== Data records
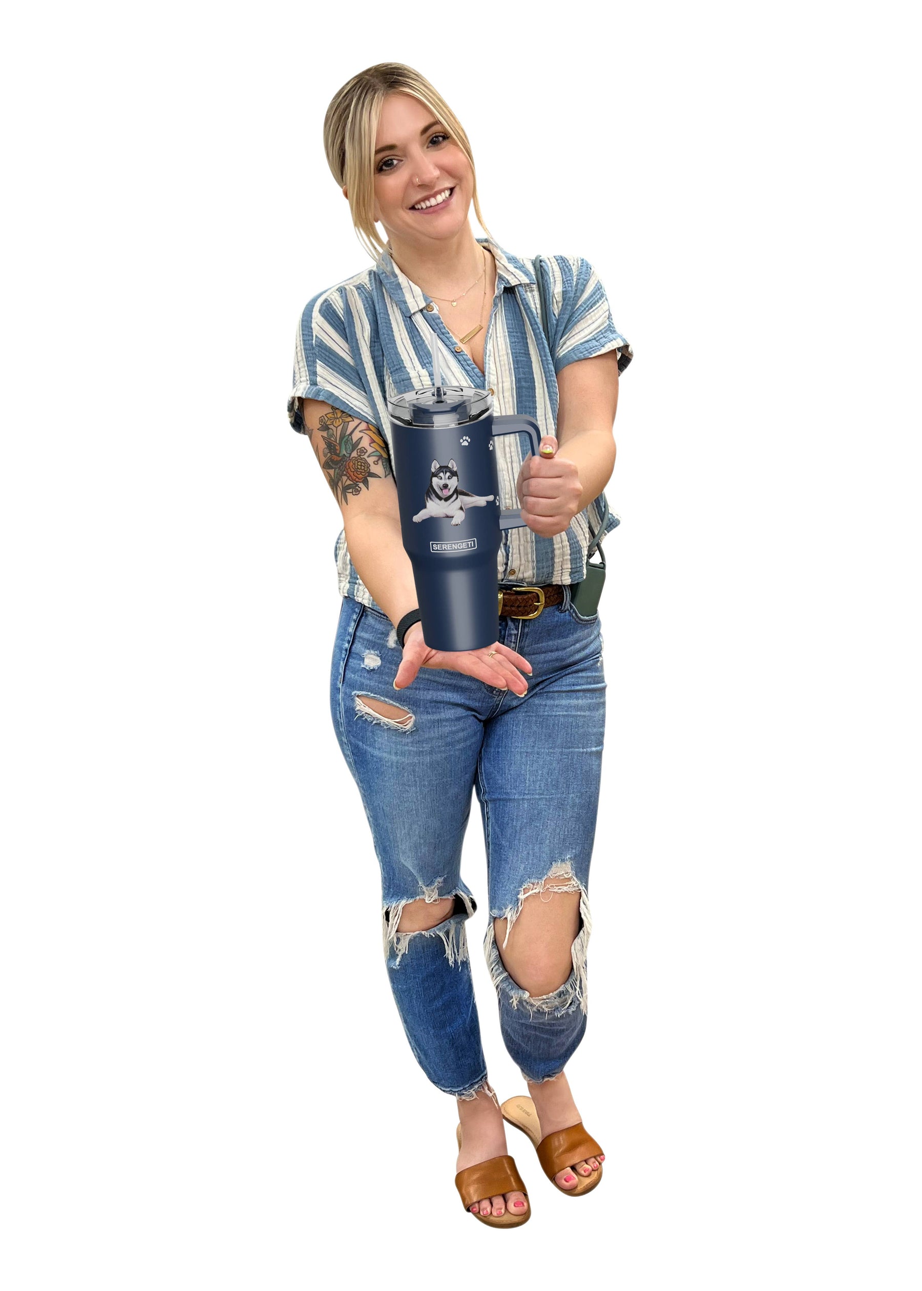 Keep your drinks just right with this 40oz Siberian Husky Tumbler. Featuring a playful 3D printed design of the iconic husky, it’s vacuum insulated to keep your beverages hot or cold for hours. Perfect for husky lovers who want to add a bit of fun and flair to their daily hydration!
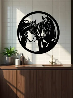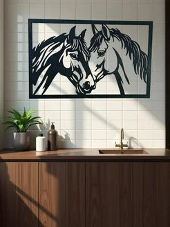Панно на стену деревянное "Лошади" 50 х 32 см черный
====
== Data records
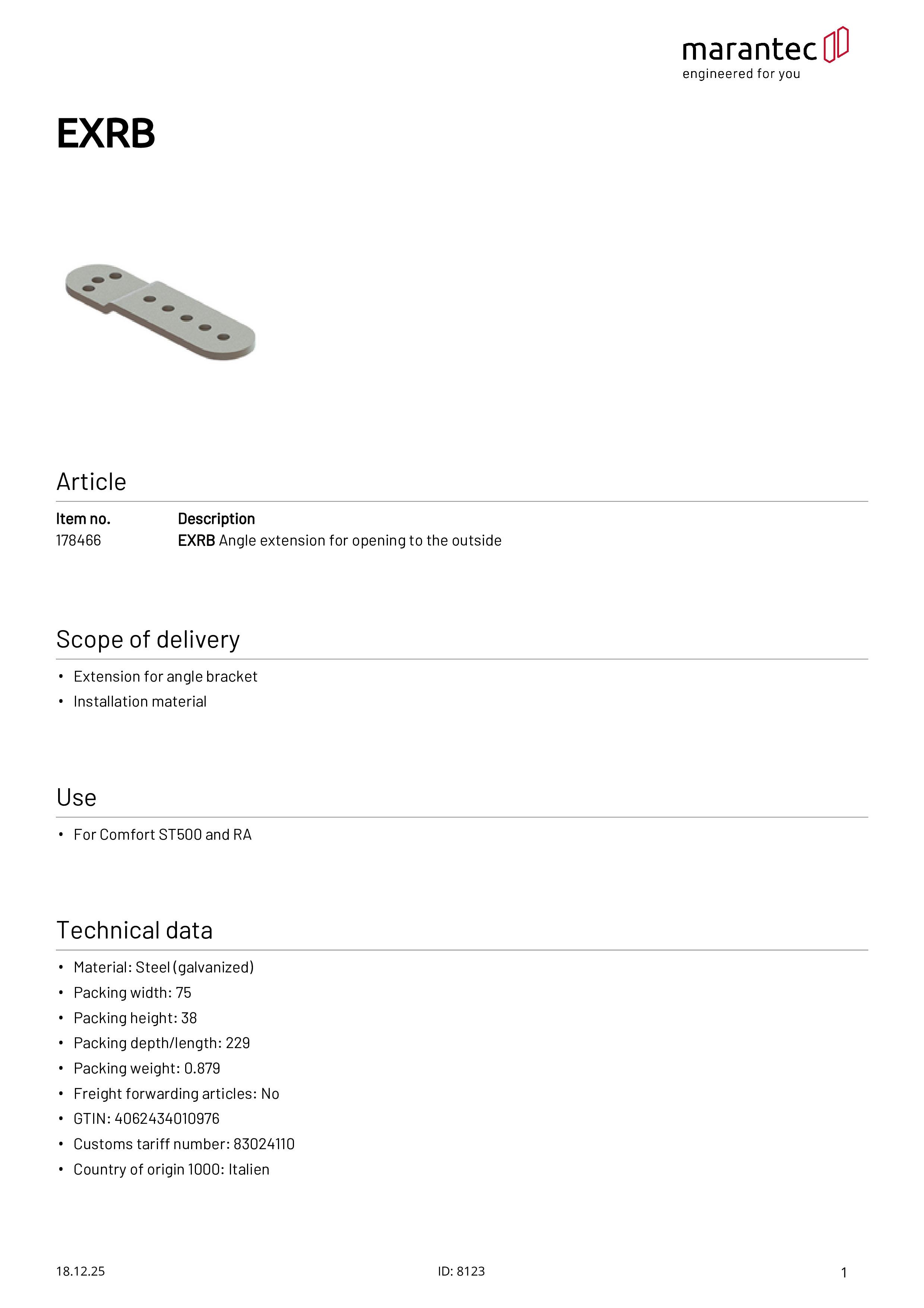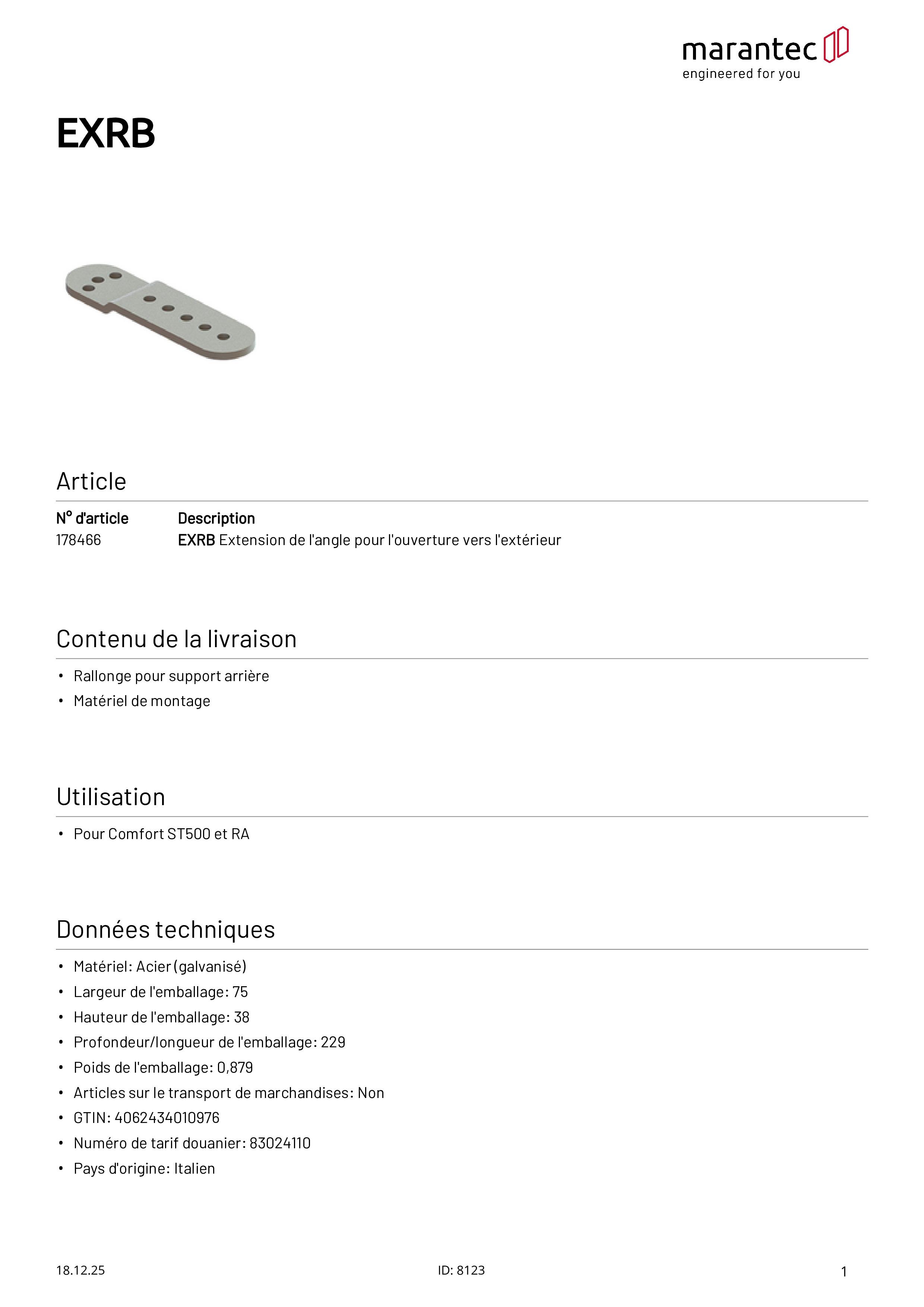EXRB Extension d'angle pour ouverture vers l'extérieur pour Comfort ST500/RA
====
== Data records
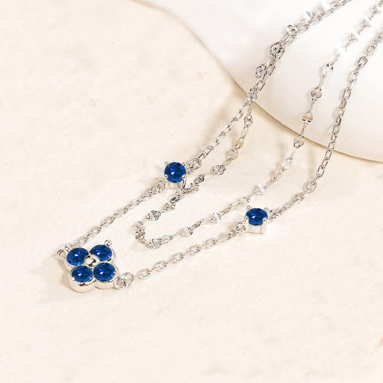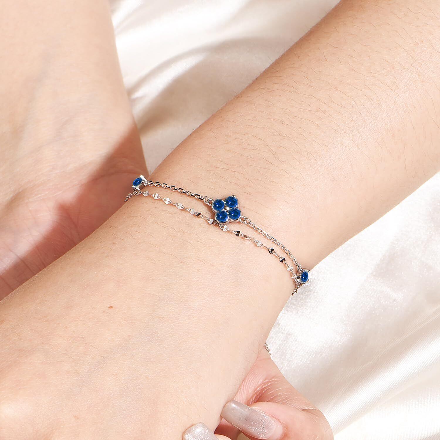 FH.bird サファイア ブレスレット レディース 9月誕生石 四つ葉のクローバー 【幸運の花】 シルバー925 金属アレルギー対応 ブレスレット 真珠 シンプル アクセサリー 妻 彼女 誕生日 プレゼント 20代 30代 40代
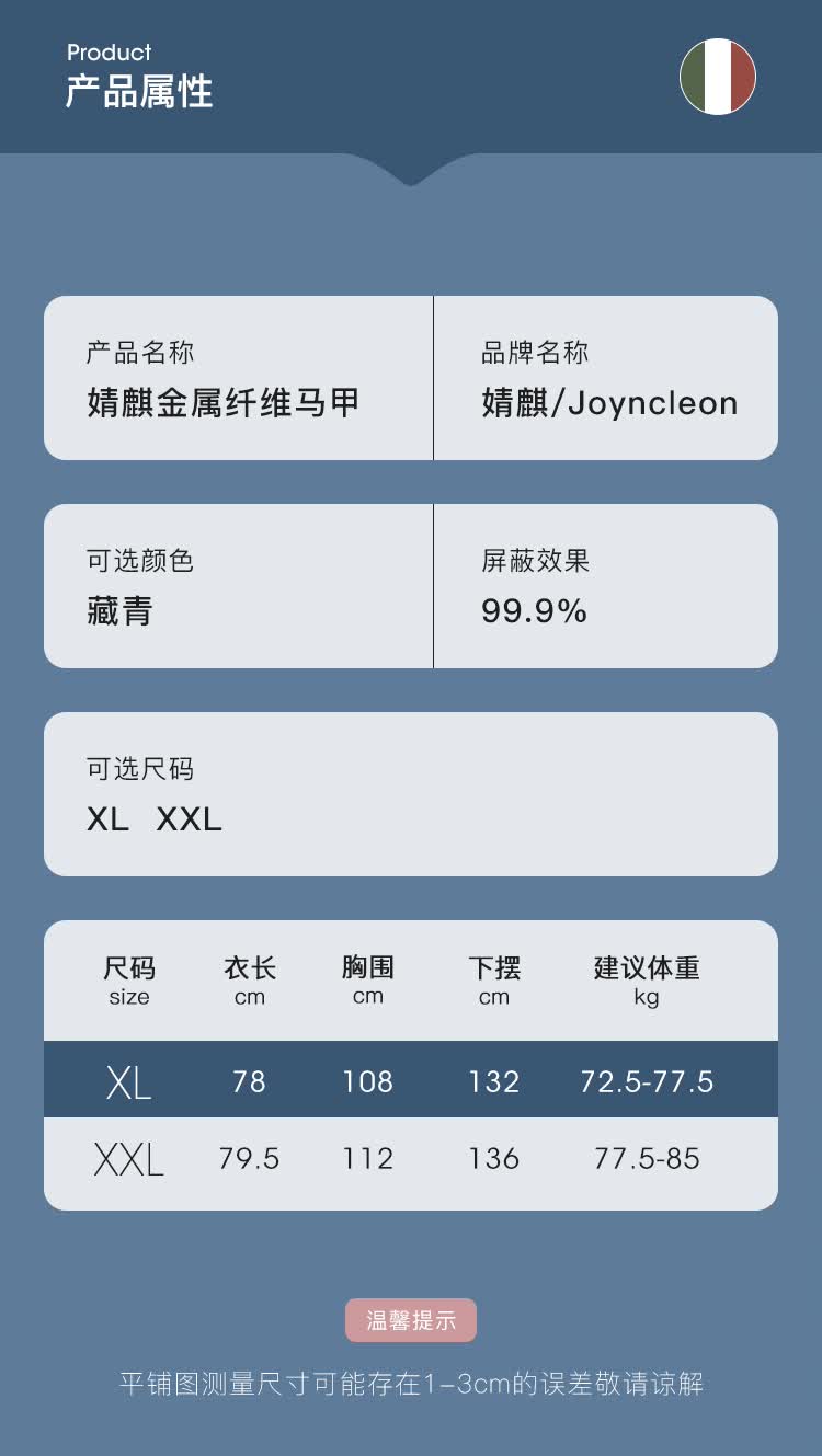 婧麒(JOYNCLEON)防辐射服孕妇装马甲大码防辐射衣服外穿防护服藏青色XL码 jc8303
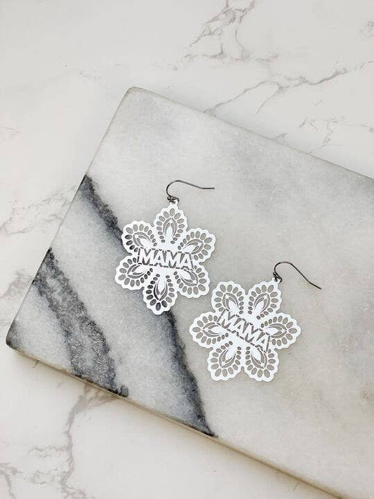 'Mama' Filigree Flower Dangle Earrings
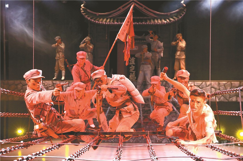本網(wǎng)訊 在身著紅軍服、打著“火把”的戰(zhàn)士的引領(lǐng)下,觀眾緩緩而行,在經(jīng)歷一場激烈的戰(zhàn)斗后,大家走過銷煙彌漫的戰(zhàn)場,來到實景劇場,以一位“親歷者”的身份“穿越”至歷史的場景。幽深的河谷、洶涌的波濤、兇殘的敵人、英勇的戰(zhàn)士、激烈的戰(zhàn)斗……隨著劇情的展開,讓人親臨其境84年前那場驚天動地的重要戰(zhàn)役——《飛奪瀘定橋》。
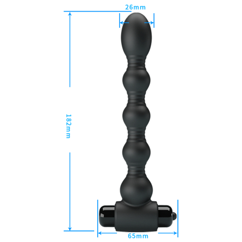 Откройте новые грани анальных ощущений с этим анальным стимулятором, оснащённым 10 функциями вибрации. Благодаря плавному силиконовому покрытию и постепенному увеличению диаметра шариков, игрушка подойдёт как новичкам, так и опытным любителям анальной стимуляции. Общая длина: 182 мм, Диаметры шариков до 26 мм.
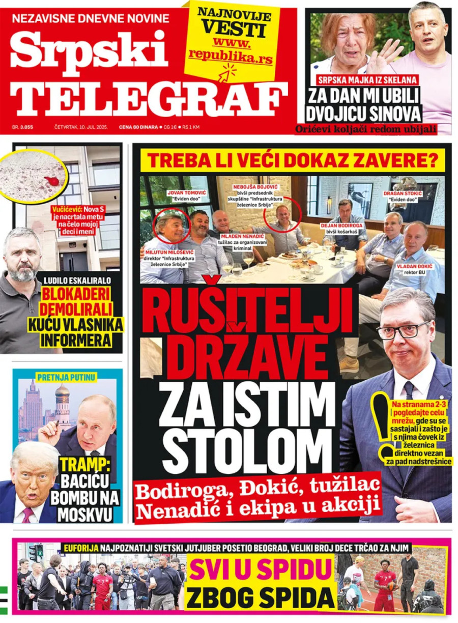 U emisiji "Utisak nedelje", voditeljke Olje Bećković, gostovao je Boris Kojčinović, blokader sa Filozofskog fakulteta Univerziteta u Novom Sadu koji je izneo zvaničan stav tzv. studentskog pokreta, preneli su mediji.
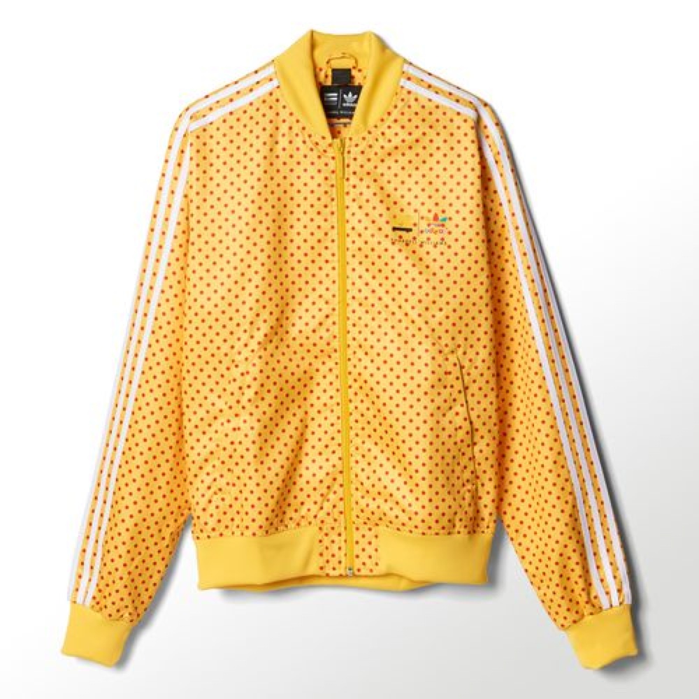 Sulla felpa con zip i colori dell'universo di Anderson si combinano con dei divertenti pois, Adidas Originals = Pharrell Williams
====
Give again the lines of the listing above that run from the one with "Keep your drinks" up to and including the one with "Панно на стену". Keep them exact and omit the pictures.

Completed task -
 Keep your drinks just right with this 40oz Siberian Husky Tumbler. Featuring a playful 3D printed design of the iconic husky, it’s vacuum insulated to keep your beverages hot or cold for hours. Perfect for husky lovers who want to add a bit of fun and flair to their daily hydration!
Панно на стену деревянное "Лошади" 50 х 32 см черный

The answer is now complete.